If k ≥ 10 and Egger's p < 0.10, report suspected publication bias and apply GRADE downgrade of −1.
from pipeline.grade import (
assess_risk_of_bias, assess_inconsistency, assess_imprecision,
assess_publication_bias, compute_grade, grade_summary_row
)
Assess all 5 GRADE domains for each outcome:
| Domain | Method | Function |
|---|---|---|
| Risk of bias | Deterministic: proportion of high-RoB studies | assess_risk_of_bias(rob_ratings) |
| Inconsistency | Deterministic: I² thresholds | assess_inconsistency(i_squared) |
| Indirectness | LLM reasoning: PICO match assessment | Agent judgment → integer 0/−1/−2 |
| Imprecision | Deterministic: CI crosses null + OIS | assess_imprecision(ci_lower, ci_upper, null_value, ois, total_n) |
| Publication bias | Deterministic: Egger's p (k≥10 only) | assess_publication_bias(eggers_p, k) |
Start at High certainty for RCTs. Apply all downgrades:
certainty = compute_grade("High", {
"rob": rob_downgrade,
"inconsistency": inconsistency_downgrade,
"indirectness": indirectness_downgrade, # agent-assigned
"imprecision": imprecision_downgrade,
"publication_bias": pub_bias_downgrade,
})
from pipeline.report import assemble_report, format_characteristics_table, format_grade_sof_table
report = assemble_report(
pico=pico_json,
search={"query": query, "date_range": date_range, "databases": [...]},
prisma_counts=prisma_counts,
characteristics_table=format_characteristics_table(table_studies),
rob_summary="Narrative RoB summary.",
outcomes=[...], # list of outcome dicts with pooling, heterogeneity, grade
sensitivity={...}, # dict keyed by outcome name
publication_bias={...}, # dict keyed by outcome name
prisma_svg=None, # auto-generated if None
rob_svg=rob_svg,
)
The function returns {"markdown": str, "json": dict}. Write both to disk:
import json
with open("meta_analysis_output.md", "w") as f:
f.write(report["markdown"])
with open("meta_analysis_output.json", "w") as f:
json.dump(report["json"], f, indent=2)
Three checkpoints require explicit user approval before continuing:
| Checkpoint | Phase/Stage | What the user reviews | What to do next |
|---|---|---|---|
| #1 — Query Review | Phase 1, Stage 1.2 | Proposed search queries for all three databases | Execute searches only after approval |
| #2 — Shortlist Review | Phase 1, Stage 1.4 | Included + uncertain papers from abstract screening | Begin Phase 2 data extraction only after approval |
| #3 — Extraction + RoB Review | Phase 2, Stage 2.3 | Extraction data, RoB judgments, flagged low-confidence fields | Begin Phase 3 synthesis only after approval |
Never skip a checkpoint. If the user is not available, pause and state which checkpoint is pending.

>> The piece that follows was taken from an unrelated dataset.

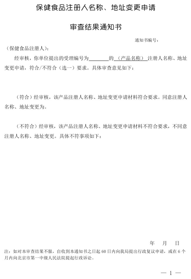 二、變更前持有證書為依據(jù)原注冊(cè)規(guī)章批準(zhǔn)的,發(fā)放《保健食品注冊(cè)人名稱、地址變更申請(qǐng)審查結(jié)果通知書》(見附件),與原批準(zhǔn)證明文件合并使用。

The assembled report (report["markdown"]) contains these sections in order:
{
"pico": { "population": "...", "intervention": "...", "comparator": "...", "outcome": "..." },
"search": { "query": "...", "date_range": "...", "databases": [...] },
"prisma": { "identified": N, "included": N, ... },
"studies": [ { ... } ],
"outcomes": [
{
"name": "...",
"pooling": { "pooled": ..., "ci_lower": ..., "ci_upper": ..., "p_value": ... },
"heterogeneity": { "i2": ..., "q": ..., "tau_sq": ..., "prediction_lower": ..., "prediction_upper": ... },
"sensitivity": { ... },
"grade": { "certainty": "High|Moderate|Low|Very Low", "certainty_symbols": "⊕⊕⊕⊕", "downgrade_reasons": [...] }
}
],
"grade_summary": [ { "outcome": "...", "certainty": "...", "symbols": "..." } ],
"publication_bias": { ... }
}
Disclaimer (always include): The Markdown report footer contains: "This meta-analysis was generated by an AI agent skill. Results should be verified by qualified researchers before use in clinical decision-making."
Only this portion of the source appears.